Monday, December 15, 2014

Top Albums of 2014 (me)

Year end lists are a fun rite of passage for the Internet age.  I swear there are millions of them out there by now, and after seeing Rolling Stone put its top 40 out in the magazine, I thought I'd take a swing at a top ten as well.

While Wikipedia's information is going to be suspect (for example, Miranda Lambert's album is missing from the list of 2014 albums), it is what I have available to easily see what was released in 2014.  Of note:
  • Who out there knew that the Presidents of the United States of America were still releasing albums?  Not me!  They put out two this year.
  • There is a band called I Killed the Prom Queen.  Of course there is.
  • Sebastian Bach, Winger, and Tesla all put out new albums this year.  WTF?!?  Who buys that crap?  And someone said Rock and Roll was dead!
2014 has been a good year.  I have listened to a freaking TON of music this year.  I actually think it has made me more discerning, but it also has made it significantly harder to recall what I listened to and what I thought.  When I was in high school and could only afford 1 or 2 CDs a month, I really knew those CDs.  But now that I can hear a million different things at any given time, I just don't get that same deep level of digging in to music, unless it is so good that I keep going back to it again and again.  These ten albums listed here seem like albums I will keep around.

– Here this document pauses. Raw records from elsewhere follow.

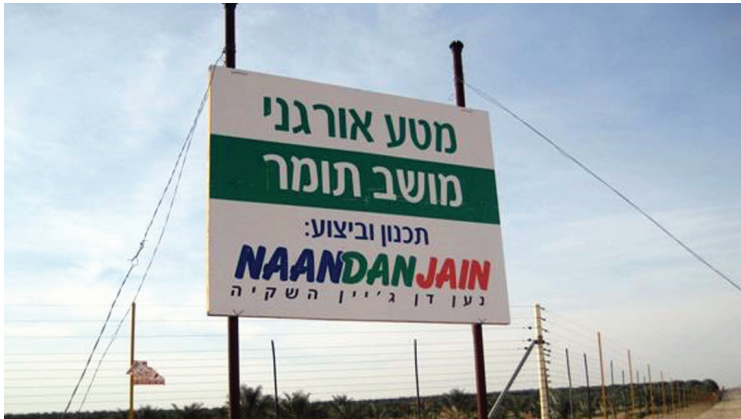
NaanDan Jain Irrigation company sign | Tomer settlement, Jordan Valley, West Bank | | 4 February 2009

The company has distributors in the Syrian Golan, the Jordan Valley and the Naqab (Negev) region.
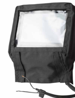
7160-0949 8" Protective Cover 7160-0950 10" Protective Cover 7160-0981 8" Thermal Protective Cover 7160-0982 10" Thermal Protective Cover

Encase your device with Gamber-Johnson's patented selection of thermal and non-thermal protective covers. Designed to keep your device safe from the harsh elements in unforgiving work environments that could prematurely destroy your assets.
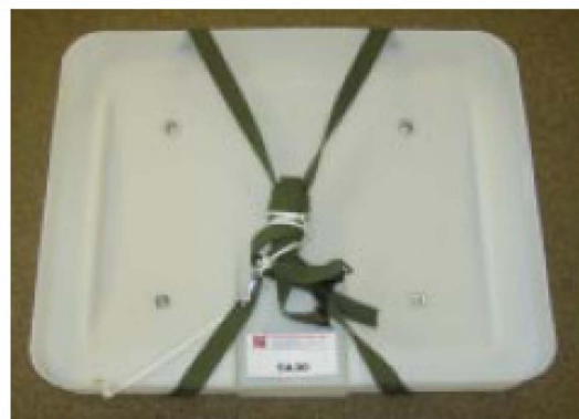
MODEL #: 5A30
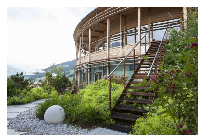
At the Leitlhof spa, newlyweds will get anything they are looking for.

The Sextner Dolomites as an impressive backdrop, and a hotel that will tick every box on your sustainable wedding checklist: this hotel is energy self-sufficient through the use of its own wood pellet fuelled power station. Ingredients used in the restaurant are locally sourced and organic, such as the lamb and sheep's milk from the hotel owner's son's sheep farm nearby. The spa offers relaxing treatments, a panorama pool and an outdoor sauna.
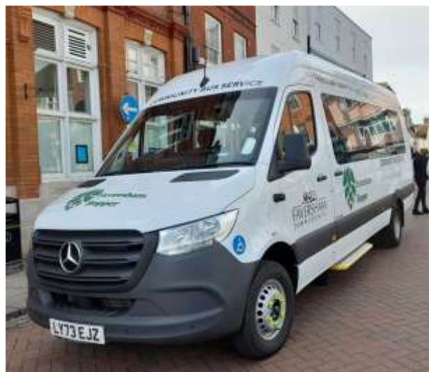
The Faversham Hopper Community Bus

More information can be found at: www.favershamtowncouncil.gov.uk/active-travel/community-bus-service/
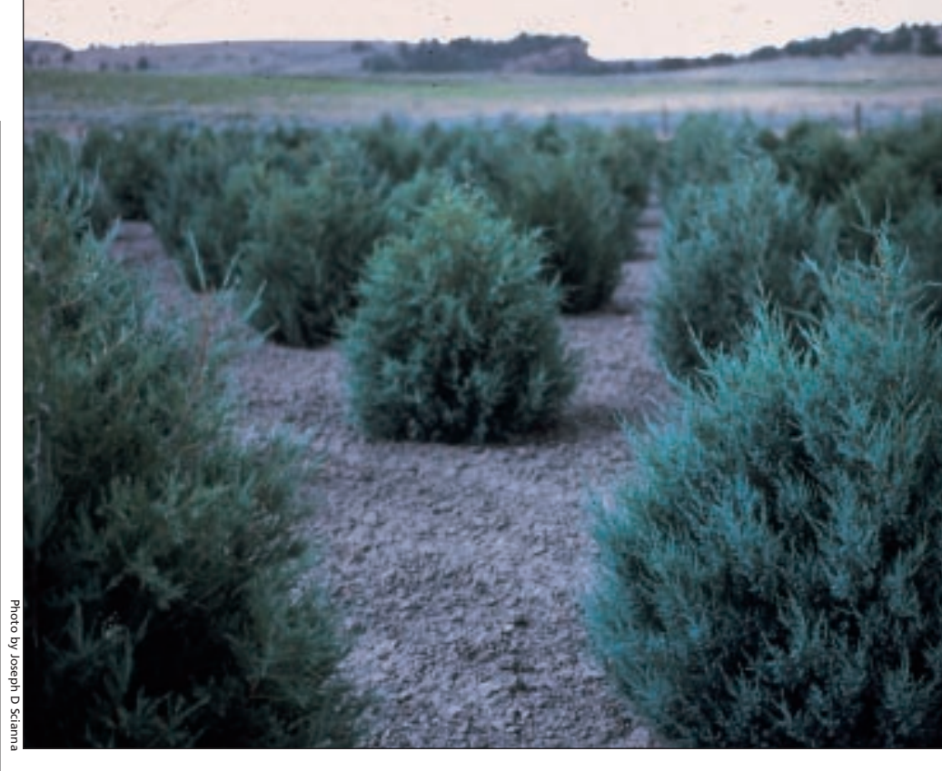
Figure 5 • Rocky Mountain juniper seed orchard at Bridger Plant Materials Center.

Hartmann and Kester (1983) recommend treating other juniper seeds with
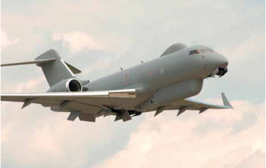
Surveillance and Reconnaissance: a Sentinel R1 of No V(AC) Sqn
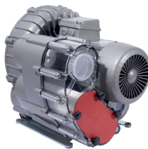
SV 300 including integrated suction filter and vacuum relief valve
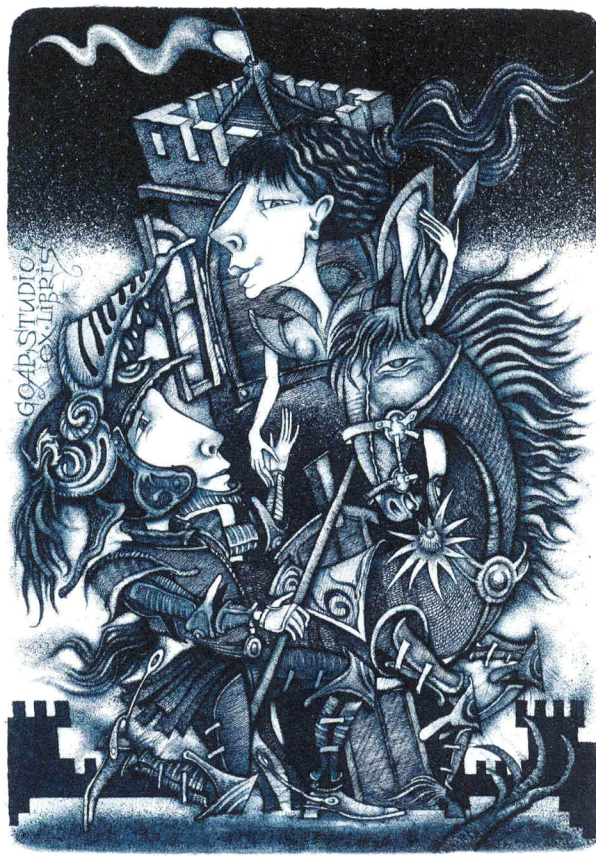
Victorius, 2015, 11.3 x 16.1cm
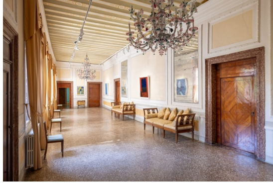
Installation view, “Matthew Wong: Interiors” at the Matthew Wong Foundation.
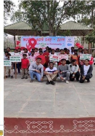
AIDS awareness programme – Josephites expressing solidarity
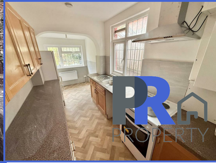
53 Farley Hill, Luton, Bedfordshire, LU1 5EG £1,600
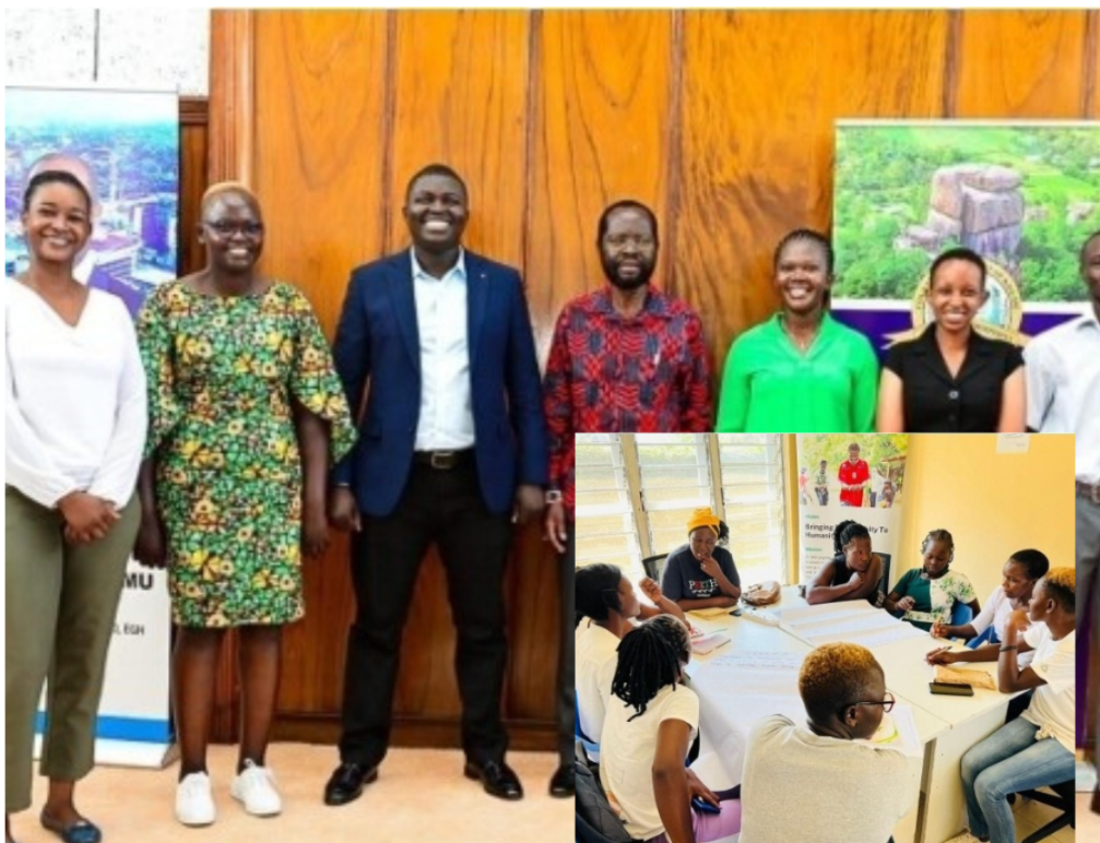
[Inset] Leaders from various women groups at the HOK HUB during a financial literacy session to build their capacity and enhance their economic opportunities.

In the days and months ahead, HOK remains committed to nurturing the growth and success of the HOK HUB, working hand in hand with partners and stakeholders to realize its full potential. Together, we embark on a journey towards a more sustainable, prosperous future - one where every voice is heard, and every dream is within reach.

Anyway, my top ten.  I ran through Wikipedia's list of albums released this year and listed out the ones that I had heard.  From those, I started comparing them to each other to see which one I would rather hear forever.  Kind of the like way Flickchart does their movie rankings - compare one to the other and see which one wins.  I'm still not entirely satisfied that the order of these is right, but I feel pretty good that these ten belong in my top ten in some order.
  1. First Aid Kit – Stay Gold
  2. Beck – Morning Phase
  3. Weezer – Everything Will Be Alright in the End
  4. Spanish Gold – Spanish Gold
  5. Hozier – Hozier
  6. U2 – Songs of Innocence
  7. Gary Clark Jr. – Live
  8. Spoon – They Want My Soul
  9. St. Vincent – St. Vincent
  10. Foo Fighters – Sonic Highways
Interesting that I ended up being pretty chilled up there in my top two, and that no rap made my list at all.  Stay Gold is such a beautiful thing.  Feels classic while new.  Longing and gentle and effective to change my mood, which is an amazing thing in music.  I don't think Morning Phase was as good as Beck's Sea Change, but its still an excellent album.  I think I've talked enough about the rest of those, but this was a good year for music.

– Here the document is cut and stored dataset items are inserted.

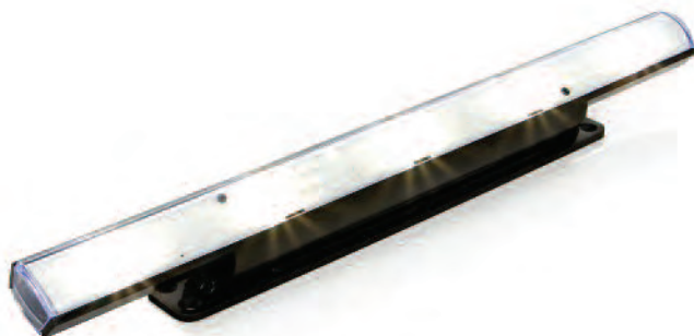
eW Cove Lamps

For the most current product information, go to the e-catalog on www.philips.com
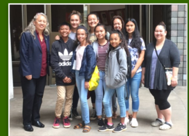
Lanai Students visiting the Capitol
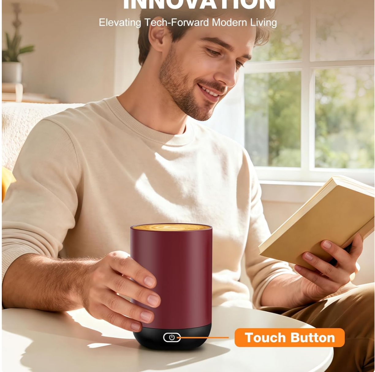
Image: Dual control modes for the Kepam mug, illustrating both manual button operation and smartphone app control.
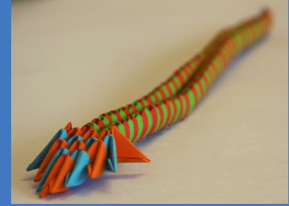
ATSHILAHO GR.8 ENTRY
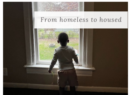
From homeless to housed
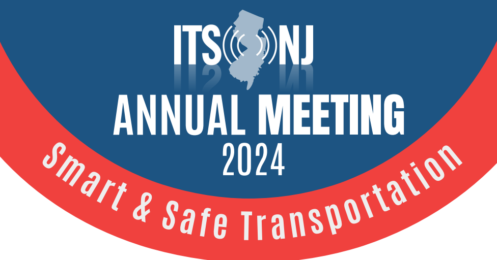
Exhibit Space for ITSNJ Members: $1000*

*Non-Members pay $1500 (but get 15 months of ITSNJ membership included!)
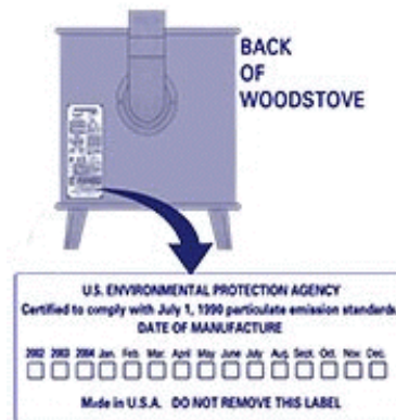
Permanent Wood Stove Label affixed to a stove
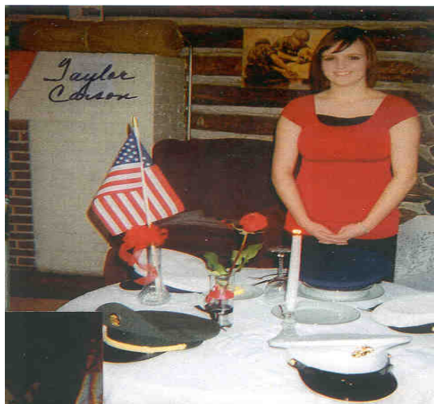
Junior Auxiliary with POW/MIA Table
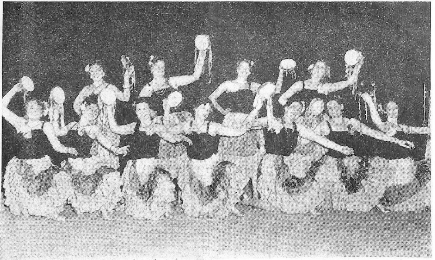
SPANISH LADIES OF THE CHORUS.
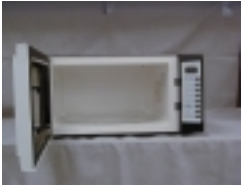
hibit 2-C, Front View- Door Open del NN-S980BA
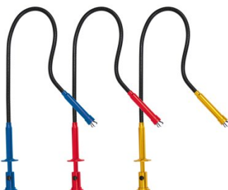
M0010 Pick Up Tool with Magnetic Head & 1 x LED Light
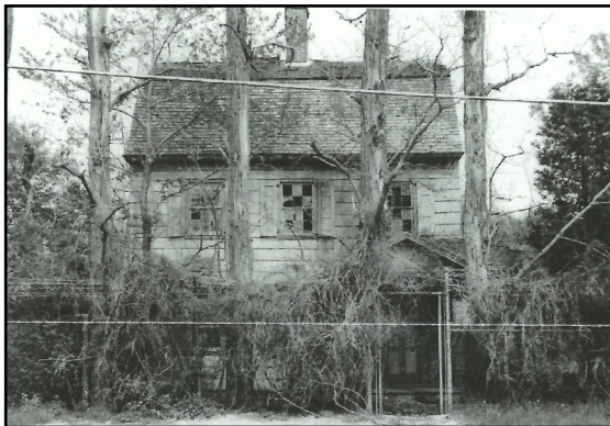
The Homan-Gerard House, May 1962
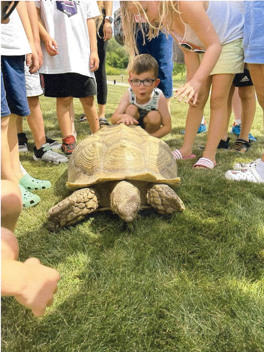
Random happy image of the month:
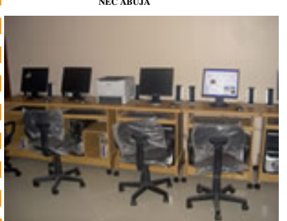
IT CENTER DONATED BY ISOC NIGERIA CHAPTER
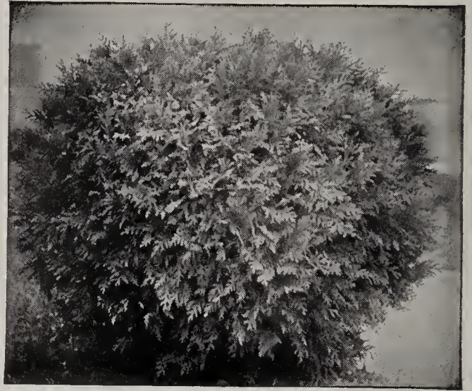
Globe Arborvitae is naturally globular in form
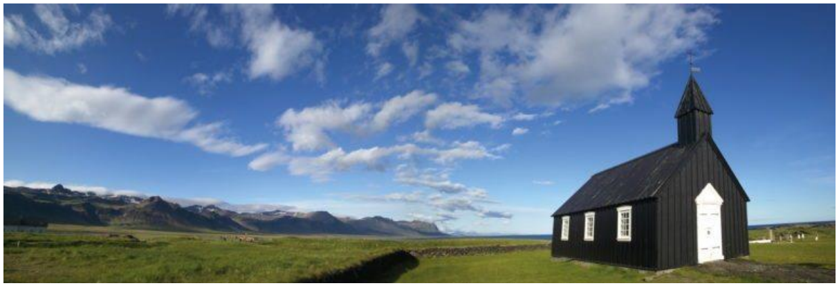
Buðir church on Snæfellsnes peninsula

Overnight in Reykjavik (if included in the package, otherwise on your own) . Dinner is on your own.
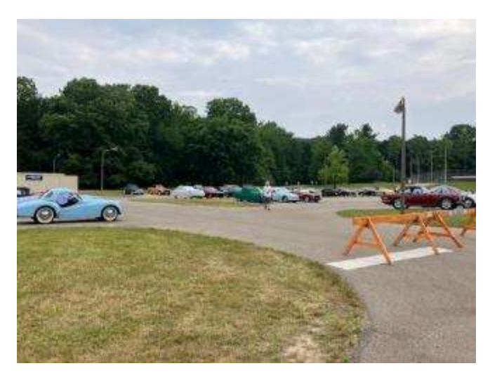
Parking lot Sunday evening as folks arrived - talk to Bruce about the trailer parking...
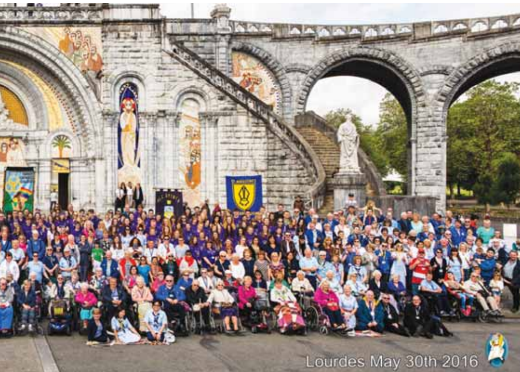
Lourdes May 30th 2016
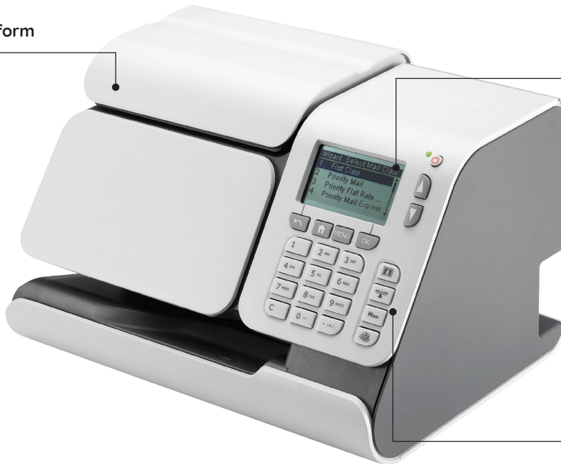
3. Shortcut Keys

The albums that just missed the cut are TV on the Radio’s Seeds, Real Estate’s Atlas, Run the Jewels’ Run the Jewels 2, Sturgill Simpson’s Metamodern Sounds in Country Music, and Coldplay’s Ghost Stories.

Honorable mentions: Temples’ Sun Structures, Jack White’s Lazaretto, YG's My Krazy Life, Benjamin Booker’s Benjamin Booker, Death from Above 1979’s The Physical World, New Pornographers' Brill Bruisers, Old 97’s Most Messed Up, Schoolboy Q’s Oxymoron, Maroon 5’s V (I know, weird, but that Levine guy knows how to make serious pop hooks), and I’d like to say Black Key’s Turn Blue, but since I haven’t heard the whole album, I can’t include it above.

I hope that 2015 will be just as strong, and that I can keep up with talking about this stuff over the year.  Happy New Year!


1 comment:

Joseph Cathey said...

Did you mean that the Foo Fighters were #100? You left off a "0".